To use a different port:

pycbas gui --port 5008

Development install

git clone https://github.com/droumis/pycbas.git
cd pycbas
pixi run gui          # option 1: pixi
pip install -e '.[gui]' && pycbas gui  # option 2: pip

Workflow

The GUI walks you through the CBAS pipeline in five steps.

Step 1: Load data

Load data step

Three options for loading data:

Local folder (default) — navigate to a folder on disk. The loader auto-detects:

  • An *Info.txt file (subject_id, label_or_score per line), matching subject data files by trailing ID number
  • Or group membership from filename prefixes (e.g. control0.txt, lesion0.txt). Recognized keywords: control/ctrl/sham/wt (group 0), lesion/exp/ko/mutant (group 1)

CSV per subject — upload individual subject files plus a labels/scores file.

Single spreadsheet — upload one table with subject, choice, and group/score columns.

Step 2: Analysis mode

Mode selection

Mode is auto-detected from the data:

  • Binary labels (0/1) → Comparative
  • Continuous values → Correlative

You can override the detection if needed.

Step 3: Configure parameters

Parameters

Parameters are auto-configured from the loaded data:

Parameter Auto-detected from
Number of arms Max choice value in data
Encode reward Whether reward column has non-zero values
Contingency filter Distinct contingency values present
Criterion Min trial count per subject (filtered by contingency)
Block aware Multiple sessions/blocks detected in data

Max sequence length and bootstrap resamples must be set manually as they depend on the research question.
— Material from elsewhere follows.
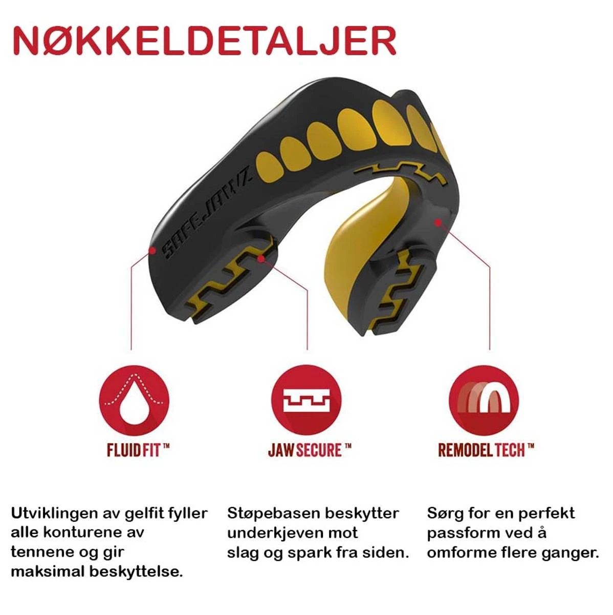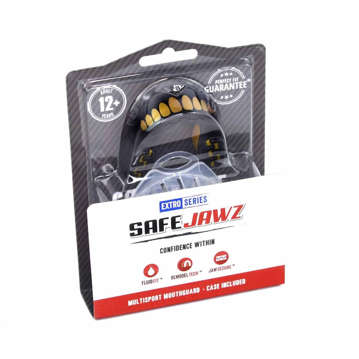 Dette er Fluid Fit ™ -teknologi, som betyr at SAFEJAWZ® beskyttere har en super slank profil og gode retentiske egenskaper. Beskyttelsen vil i hovedsak klemme på tennene og passe komfortabelt slik at pusting, snakk og drikking ikke vil være et problem. Jaw Secure ™ tilbyr også beskyttelse mot kjeve og nedre tenner. Den pre-okkluderte basen og hevde støtfangerputer på bunnen av produktet fungerer som en buffer for å forhindre skade fra støt til underkjeve. Det er ingen kamp for å få en perfekt passform med SAFEJAWZ®. Remodel Tech ™ sikrer at du kan ha flere forsøk på å oppnå den spillskiftende passformen som vi så stolte av. Sist men ikke minst, SAFEJAWZ® Extro-serien har alle et fantastisk design på forsiden. Idrettsutøvere prøver mer og mer å skille seg ut fra sine jevnaldrende og finne nye måter å vise sin personlighet som de utfører. SAFEJAWZ® gir brukerne den friheten – beskyttelse med personlighet.
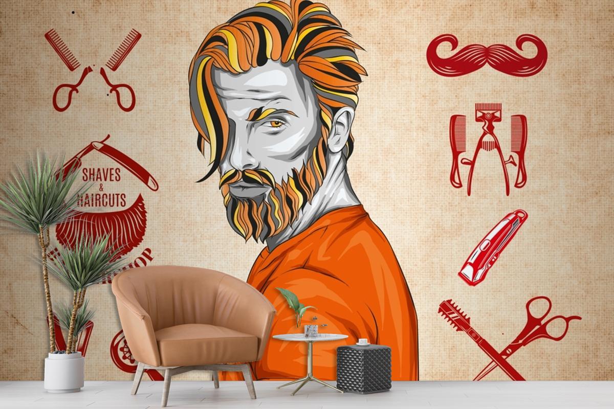 Boyalı Saç Erkek Kuaför Duvar Kağıdı

The resource estimate shows the actual number of observed sequences (not the worst-case theoretical space), estimated memory, runtime, and a verdict based on your system's available RAM.

Step 4: Run analysis

Click "Run CBAS Analysis" to execute the full pipeline. Progress is shown in real time.

Step 5: View results

Results

Results are presented across several tabs:

Summary — subject count, sequences tested, significant count, k-FWER value, mode.

Manhattan Plot — sequences ranked by length on a log x-axis, colored by sequence length. Significant sequences appear above the threshold line.

Manhattan plot

Top Sequences — horizontal bar chart of the most significant sequences, colored by direction. Shows the test statistic magnitude and which direction the effect goes.

Top sequences

k-FWER Convergence — how k and the number of rejections evolve across iterations until convergence.

k convergence

Significant Sequences — sortable, paginated table of all significant sequences with their g-values and directions.

Export — download full results or significant-only as CSV.

Technical notes

  • The GUI is a locally-served Panel application. The browser is just a display layer; all computation runs server-side with full access to your system's CPU and RAM.
  • The app detects available system memory and CPU cores to inform resource estimates.
  • Loading a new dataset clears previous results and resets parameter detection.
  • Demo data is available via the "Load demo data" button for testing the interface without real data.